Superficially we can see that one side of the dramatic backdrop of the rising generation emerges in the possibility of an expansion of consciousness untethered from the earth. It begs the question: Can we find ways to expand our consciousness that do not weaken or undermine our ability to make sober judgments in our normal, everyday life on the Earth?

The other side of this backdrop presents a spiritless outer world on a path toward increasing strife and conflict, in which, sooner or later, the spirit will disappear. It begs the question: Can we expand how we understand nature, how we understand the human being and society, in a way that leads to insight into spiritual dimensions of the human being and the world?

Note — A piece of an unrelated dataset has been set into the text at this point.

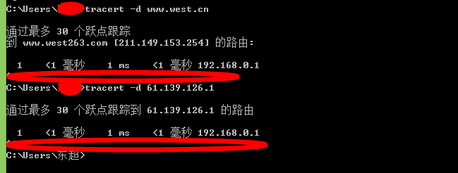 第二步: 輸入tracert -d 域名/域名 回車,如下圖:

The middle path is one description of the aims of the Goetheanum and the anthroposophical movement. This middle path involves developing an inner life that stays connected to normal consciousness and terrestrial judgement. It is a strengthening, through practice, of the life force that we experience being weakened through our newest technologies. This path can lead to an experience of divine life in the human being and the world which is no “fairy tale”.

This leads to an insight that can only be indicated here: our intervention, our participation in these dynamics is dramatically significant. The apparent gap between an “outer”, spiritless world and an “inner” world of consciousness untethered from the earth is an “open secret”, a question of how we will participate in the world’s evolution.[6] It is a call to discover the spirit in the world, and the world in the spirit. Here we find new life, courage and hope, and a realization that the evolution of human thinking and the earth are intertwined.

[1] Ernest Cline. Ready Player One. Random House, 2011.

[2] Sherry Turkle. Alone Together: Why We Expect More from Technology and Less from Each Other, 2011.

[3] Observations made possible through contemplative knowledge practices are offered here in the spirit that anyone who is willing to pursue a similar path of inquiry will arrive at comparable results.

[4] “Psychedelics Meet Up With Virtual Reality at South by Southwest.” March 13, 2023.

[5] For more on this see the Center for Consciousness Studies at Arizona State University, USA.

[6] For a remarkable exposition of the middle path referred to here and the relation between knowledge, imagination, and evolution see Owen Barfield’s Saving the Appearances.